(True story:) A friend of mine was making a calzone and said it wasn't the best he had ever made. It got me wondering, what fraction of the calzones he has made were the best he had made at the time?
Assume he makes $n$ calzones, each with a quality chosen i.i.d. from a normal distribution (he never improves at all). Asymptotically, what proportion of the calzones he makes are the best he had made so far?
My intuition says it should be something like $1/\sqrt{n}$?
On
We may assume without loss of generality that there is never a time where he makes a calzone exactly the same.
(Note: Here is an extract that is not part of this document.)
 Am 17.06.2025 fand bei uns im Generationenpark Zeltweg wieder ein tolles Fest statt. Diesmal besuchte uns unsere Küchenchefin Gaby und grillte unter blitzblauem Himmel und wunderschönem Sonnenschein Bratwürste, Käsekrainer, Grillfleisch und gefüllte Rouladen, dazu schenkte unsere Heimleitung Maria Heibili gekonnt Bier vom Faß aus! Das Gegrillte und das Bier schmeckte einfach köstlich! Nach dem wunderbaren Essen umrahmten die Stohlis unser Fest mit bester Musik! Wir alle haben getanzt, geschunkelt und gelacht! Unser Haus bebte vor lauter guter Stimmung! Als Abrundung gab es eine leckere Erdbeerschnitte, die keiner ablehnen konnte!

We can then make the simplification to the problem that of the $n$ calzones, they are each labeled $1,2,3,\dots,n$ in terms of value.
Rewording the question, we could ask instead "In a permutation $\sigma\in S_n$, how many $i$ satisfy $\sigma(i)>\sigma(j)$ for all $j<i$?"
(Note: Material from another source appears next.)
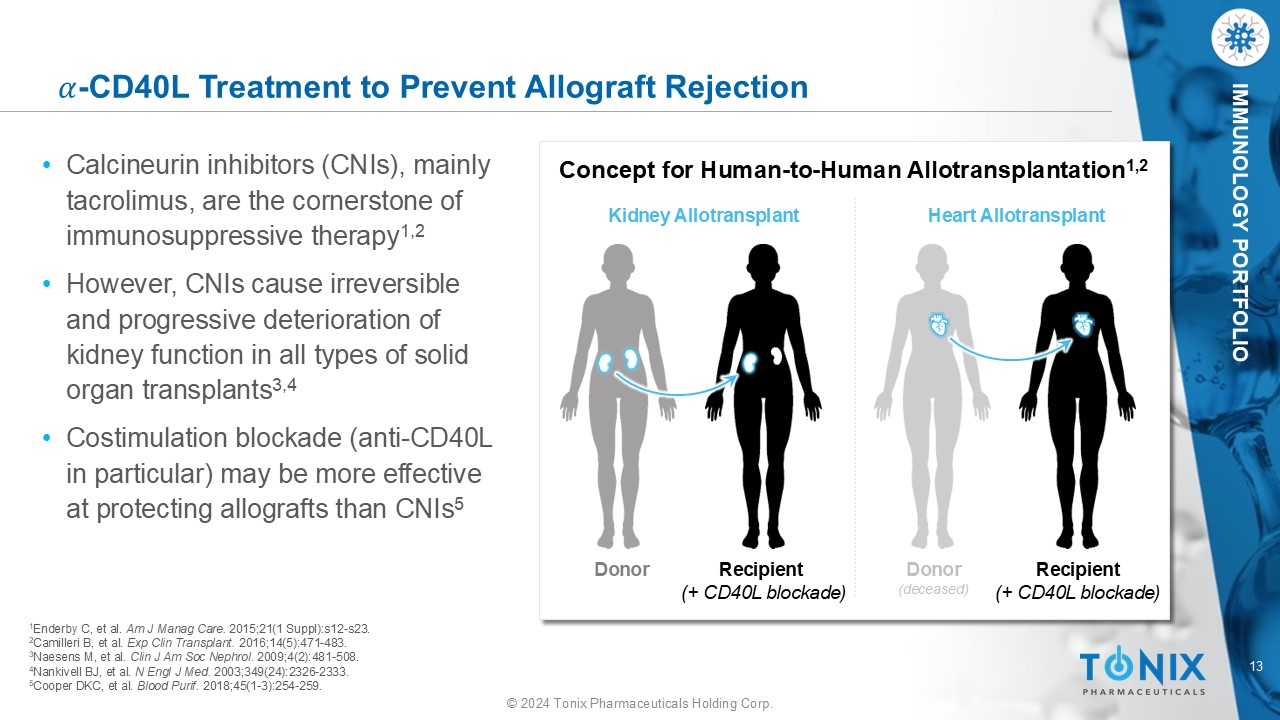 12 © 2024 Tonix Pharmaceuticals Holding Corp. IMMUNOLOGY PORTFOLIO CD40L inhibition offers decreased risk of graft rejection and increased survival vs CD40 inhibition 1 • A meta - analysis of nonhuman primate studies compared anti - CD40 and anti - CD40L treatments for the prevention of renal transplant rejection ‒ Both treatments increased probability of rejection - free survival compared to placebo ‒ Anti - CD40L treatment resulted in a median survival of 352 days vs 131 days for anti - CD40 treatment (P=0.0001) Survival Probability Time 1.00 0.75 0.50 0.25 0.00 0 100 200 300 400 500 600 700 800 900 1000 0 1 2 5 6 9 11 15 21 32 40 CD40L 0 0 0 0 0 0 0 2 5 16 24 CD40 0 0 0 0 0 0 0 0 0 0 38 Untr . Number at risk Untreated Anti - CD40 Anti - CD40L 1 Perrin S, et al. Front Immunol. 2022;13:861471. .

Let $X_i$ be an indicator random variable $X_i=\begin{cases}1&\text{if}~\sigma(i)>\sigma(j)~\text{for all}~ j<i\\ 0&\text{otherwise}\end{cases}$
We have then $X=\sum\limits_{i=1}^n X_i$ is the random variable counting how many "best so far" occur.
$\mathbb{E}[X]=\mathbb{E}[\sum\limits_{i=1}^n X_i]=\sum\limits_{i=1}^n \mathbb{E}[X_i]$ by linearity of expectation.
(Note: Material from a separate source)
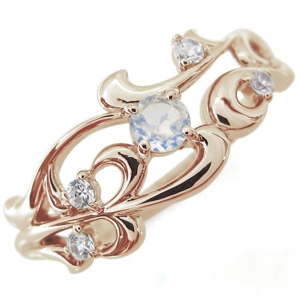 ■石名:主石 ロイヤルブルームーンストーン(約 3.0mm/天然石使用)脇石 ダイヤモンド(4石合計で約 0.08ct/天然石使用)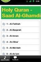 Listen to the Holy Quran audio - Saad Al-Ghamdi any time you want. Download this free app and you can have the holy Quran audio recited by Saad Al-Ghamdi with you all the time. The following Quran audio have been included in this app: Al-Fatihah Al-Baqarah Al-Imran An-Nisa' Al-Ma'idah Al-An'am Al-A'raf Al-Anfal At-Taubah Yunus Hood Yusuf Ar-Ra'd Ibrahim Al-Hijr An-Nahl Al-Isra Al-Kahf Maryam TaHa Al-Anbiya' Al-Hajj Al-Mu'minun An-Nur Al-Furqan Ash-Shu'ara' An-Naml Al-Qasas Al-'Ankabut ArRoom Luqman AsSajdah AlAhzab Saba' Fatir YaSin As-Saffat Sad Az-Zumar Ghafir Fussilat Ash-Shura Az-Zukhruf Ad-Dukhan Al-Jathiya Al-Ahqaf Muhammad Al-Fath Al-Hujurat Qaf Az-Zariyat At-Tur An-Najm Al-Qamar Ar-Rahman Al-Waqi'ah Al-Hadid Al-Mujadilah Al-Hashr Al-Mumtahinah As-Saff Al-Jumu'ah Al-Munafiqun At-Taghabun At-Talaq At-Tahrim Al-Mulk Al-Qalam Al-Haqqah Al-Ma'arij Nooh Al-Jinn Al-Muzzammil Al-Muddaththir Al-Qiyamah Al-Insan Al-Mursalat An-Naba' An-Nazi'at 'Abasa At-Takwir Al-Infitar Al-Mutaffifin Al-Inshiqaq Al-Buruj At-Tariq Al-A'la Al-Ghashiyah Al-Fajr Al-Balad Ash-Shams Al-Lail Ad-Duha Ash-Sharh At-Tin Al-'Alaq Al-Qadr Al-Baiyinah Az-Zalzalah Al-'Adiyat Al-Qari'ah At-Takathur Al-'Asr Al-Humazah Al-Fil Quraish Al-Ma'un Al-Kauthar Al-Kafirun An-Nasr Al-Masad Al-Ikhlas Al-Falaq An-Nas Download this free app and listen to the Quran audio now!

In calculating each of these, note that given whatever $i$ numbers appear, each permutation of said $i$ numbers are equally likely. If $X_i=1$, that implies that the largest of which will be at the end.
We have then $\mathbb{E}[X_i]=\frac{(i-1)!}{i!}=\frac{1}{i}$
So, $\mathbb{E}[X]=\sum\limits_{i=1}^n \frac{1}{i}=H(n)$ is the $n^{th}$ harmonic number.
We make a calculation that answers your question, at least in the sense of expectation. Suppose that we make $n$ calzones in a row. Assume that for any two calzones $C_1$ and $C_2$, either $C_1$ is better than $C_2$ or the other way around (no ties).
For any $i$ from $1$ to $n$, let random variable $X_i$ be equal to $1$ if the $i$-th calzone is the best so far, and be equal to $0$ otherwise.
Let $Y=X_1+X_2+\cdots+X_n$. We find the expectation of $Y$, which by the linearity of expectation is $E(X_1)+E(X_2)+\cdots+E(X_n)$.
The probability that $X_i=1$ is $\dfrac{1}{i}$. This requires the assumption that one does not learn from experience, so all orders of quality among the first $i$ calzones are equally likely. Under that assumption, it follows that $$E(Y)=1+\frac{1}{2}+\cdots+\frac{1}{n}.$$
So $E(Y)$ is the $n$-th harmonic number $H_n$. It is well-approximated by $\ln n$.
The expected proportion of calzones that are "the best so far" is therefore $\dfrac{H_n}{n}$, which is approximately $\dfrac{\ln n}{n}$.